Friday, April 27, 2012

Dream


The last thing I read before I went to sleep last night was about the interpretation of dreams. I discovered that dreaming about falling teeth does not mean something bad will happen as I was made to believe. It actually means maturity. When you dream that you have your own baby, an inner desire of yours is starting to surface or that you have a hidden goal that you want to start working on.  

But I did not dream of dinosaurs, shoes, butterflies, or river. Rather, I dreamt about you.
Most of the time, my dreams become hazy when I wake up. But my dream about you is different. It’s been three hours since I woke up but I can still feel it—the repressed frustration, the calculated expectation, the ignored longing. 

...

We were with other people, probably people we know but I could not exactly name them. Then, all of us were walking on the open street. We were all going somewhere. You were silently slacking behind while the others were merrily walking ahead already. I was in between. I don’t know if I should hurry to cope up with the rest or wait for you so that we can walk together instead.

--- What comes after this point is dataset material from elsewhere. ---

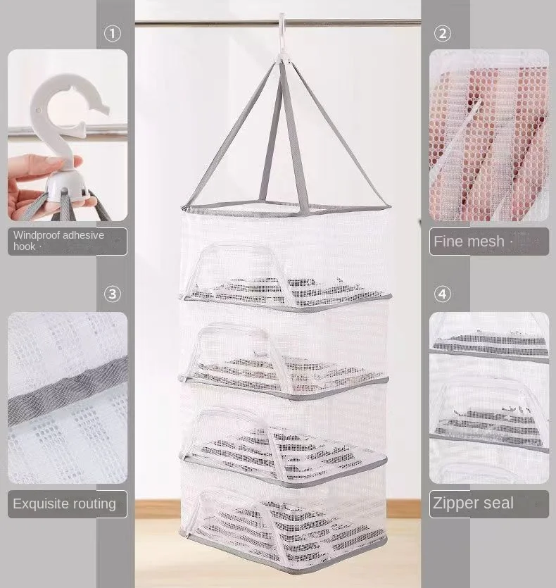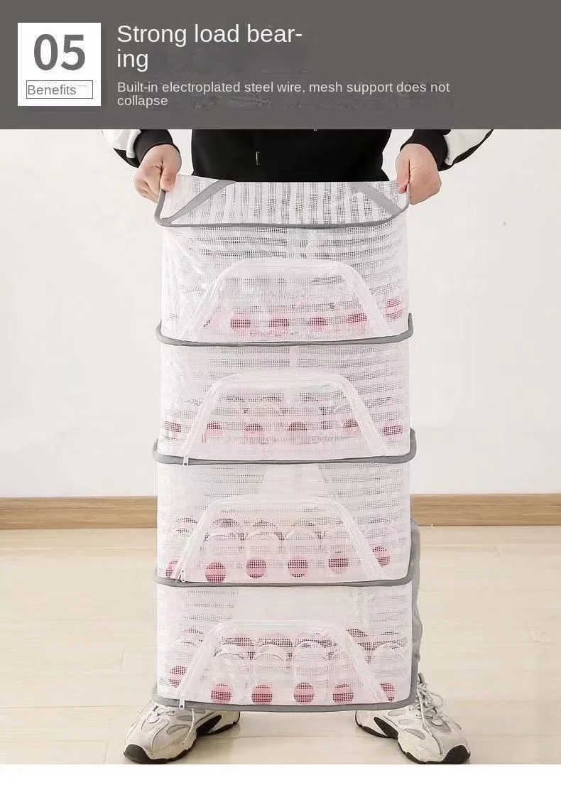 1-3 Layers Foldable Drying Fishing Net Hanging Vegetable Dishes Dryer Cage Household Dryer Bag Mesh Flowers Buds Plants Organize

I hurried toward the rest. 

I wanted to pull you but that would be awkward. I guess, whether in reality or in dreams, I am more concerned on what other people would think. Sticking with you might mean I'm into you. I don’t want them to think that way.

Then, we arrived at the place. Your mother was there. I did not really recognize her face but they referred to her as your mother so instinctively, I just felt she was. 

We waited for you to arrive. You didn’t. Everybody else went home already but still you didn’t come. I bid your mother goodbye as well.

On my way home, I thought, “Yeah. Why would I be surprised? He always does this. He never shows up.” 

From the beginning, I already set my expectation low: do not anticipate that he will come. I was almost on the point of missing you but I did not entertain the feeling. There’ll be no remedy because you’ll never be around.